Dans une interview accordée à Fox News le 8 mars, la porte-parole de la Maison Blanche, Karoline Leavitt, a déclaré que l'envoi d'infanterie en Iran n'était pas encore prévu. Cependant, elle a souligné que le président Trump restait ouvert à toutes les options pour être prêt à faire face aux évolutions imprévisibles au Moyen-Orient.
Cette déclaration a été faite dans un contexte où l'opinion publique internationale se concentre sur la prochaine étape des États-Unis après la récente série de frappes aériennes sur l'Iran. Le fait que la Maison Blanche ne soit pas pressée de déployer des troupes terrestres montre des efforts pour maîtriser le conflit, afin d'éviter de s'enliser dans un conflit prolongé.

Auparavant, le 28 février, la coalition américano-israélienne avait lancé de manière inattendue une opération militaire à grande échelle visant l'Iran. Les villes clés, dont la capitale Téhéran, ont subi de nombreuses attaques lourdes.
La Maison Blanche a invoqué la raison de cette action comme visant à éliminer les menaces du programme nucléaire et de missiles qu'elle accuse de provenir de Téhéran. Il est à noter que les frappes aériennes ont tué le Guide suprême iranien Ali Khamenei et de nombreuses personnalités clés de l'appareil dirigeant iranien.
En réponse, le Corps des gardiens de la révolution islamique d'Iran (CGRI) a annoncé le déploiement d'une opération de représailles à grande échelle. Une série d'installations et de cibles américaines et alliées à Bahreïn, en Jordanie, au Qatar, au Koweït, aux ÉAU et en Arabie saoudite ont été attaquées par des missiles et des drones.
L'escalade rapide du conflit au Moyen-Orient a suscité des inquiétudes quant à une guerre totale impliquant l'infanterie, ce qui pourrait plonger la région dans une instabilité de plusieurs décennies.

Le fait que l'administration Trump n'ait pas encore élaboré de plan pour envoyer de l'infanterie en Iran à ce stade montre un calcul stratégique visant à éviter les "rechutes" des guerres enlisées du passé. Au lieu de cela, les États-Unis semblent privilégier la puissance aérienne et les frappes à longue portée pour affaiblir les capacités militaires de l'adversaire sans avoir à sacrifier trop de vies humaines de soldats américains au sol.
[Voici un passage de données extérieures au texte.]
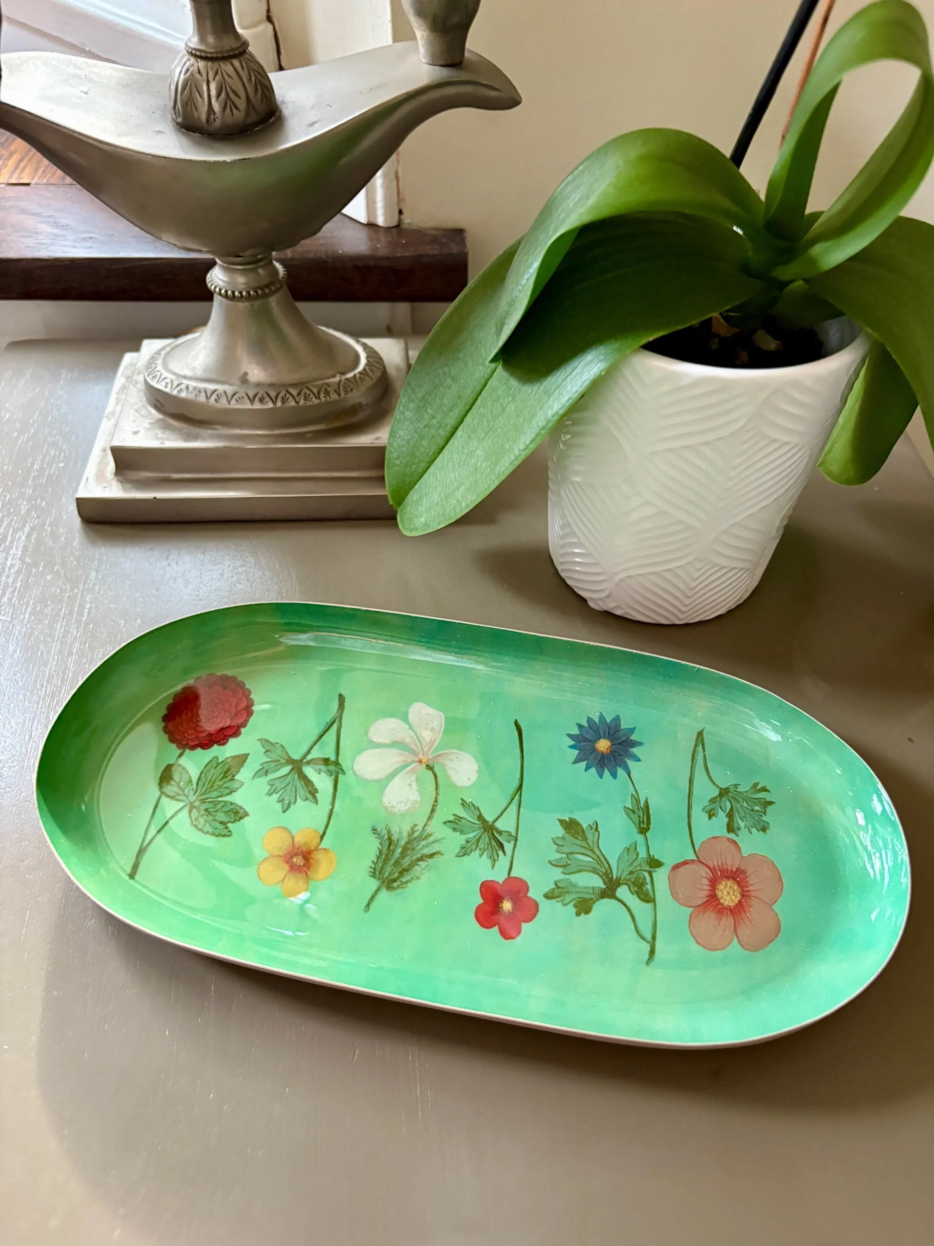 This decorative Festival of Flowers Enamel Tray will bring instant personality into your home. The delightful oval shaped tray features remarkable watercolour illustrations of flowers, hand-painted by an unknown artist in the early 1600s, onto the pages of a 1596 book dedicated to the Christening of Lady Elisabeth of Hesse.

Malgré cela, le message de préparation à tous les scénarios de Mme Leavitt reste un avertissement ferme envoyé à Téhéran. Les experts estiment que si les représailles du CGRI causent de lourdes pertes aux forces américaines dans le Golfe, la frontière entre une campagne de frappes aériennes et une attaque terrestre totale deviendra plus mince que jamais.